TLDR - It was my fault and I'm taking steps to prevent this in the future.
My primary Witness Node experienced a segfault exception running 0.19.10 at around 7am this morning, stopping the server (exception available here). My failover script was using http://wallet.steem.ws, which is a full node that failed recently as well, but was in the process of a replay. The requests from wallet.steem.ws were being proxied out to a secondary set of servers while the primary replayed, to avoid any interruptions in service.
So why didn't the failover trigger an account update and swap to one of the other 2 backup producer nodes I had running? Because I was using http://wallet.steem.ws in my failover python script's configuration and not https - and the upstream providers I had fallen back on during my node's replay now required https. Not only was the script not running properly, but since it couldn't even initialize properly (by getting the current witness status), it wasn't even ringing alarms of any problems. So the script was just infinitely restarting and trying to reinitialize.
So - the takeaway and processes that were needed to prevent this again are:
- Rework the failover script to alert if the script can't even start and/or connect to any rpc node.

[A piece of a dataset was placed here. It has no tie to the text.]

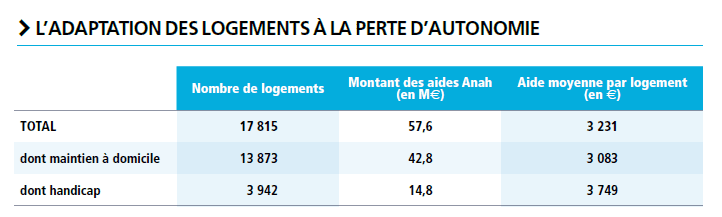 En 2016, 17 815 logements ont été adaptés à la perte d’autonomie (15 873 dans le cadre d’un maintien à domicile et 3 942 dans le cadre d’un handicap), selon les chiffres du bilan 2016 de l’Anah.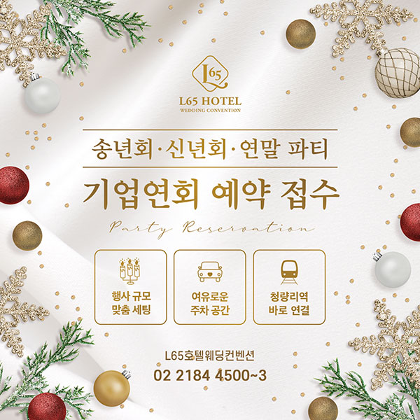 2025 송년모임 예약 받습니다. 소중한 분들과 함께 한해의 마무리와 새로운 시작을 L65호텔웨딩컨벤션과 함께하세요. 기간 2025/09/25 ~ 계속 내용 보기 2026년 하반기 웨딩 예약 OPEN 2026년 하반기 웨딩 예약 시작합니다. 서둘러 예약하시고 할인 혜택 받으세요~ 기간 2025/04/09 ~ 계속 내용 보기 매주 화요일 정기 휴무 휴무일을 확인하시어 방문에 착오없으시길 바랍니다. 기간 2024/06/12 ~ 계속 내용 보기 1

- Rework the failover script to run in multiple locations against multiple different rpc nodes.
- Rework the rpc upstream failover protocol/pool to force route http -> https traffic without errors.
- Ensure that all future monitoring scripts use https by default.
- Potentially force a 301 redirect on http to https traffic, permitted that doesn't mess with the RPC connections.
Worst part was this occurred about 0700 UTC - which is right around when I fell asleep for the night. With no alarms going off and no indication there was a problem (besides the slack/discord messages, which weren't alerts), it was able to go on nearly 7 hours, all while 2 other block production nodes stood idle, but ready, to assume their responsibilities.
Hopefully others can learn from my mistakes! Either that or they're going to end up having a rough Saturday like I did.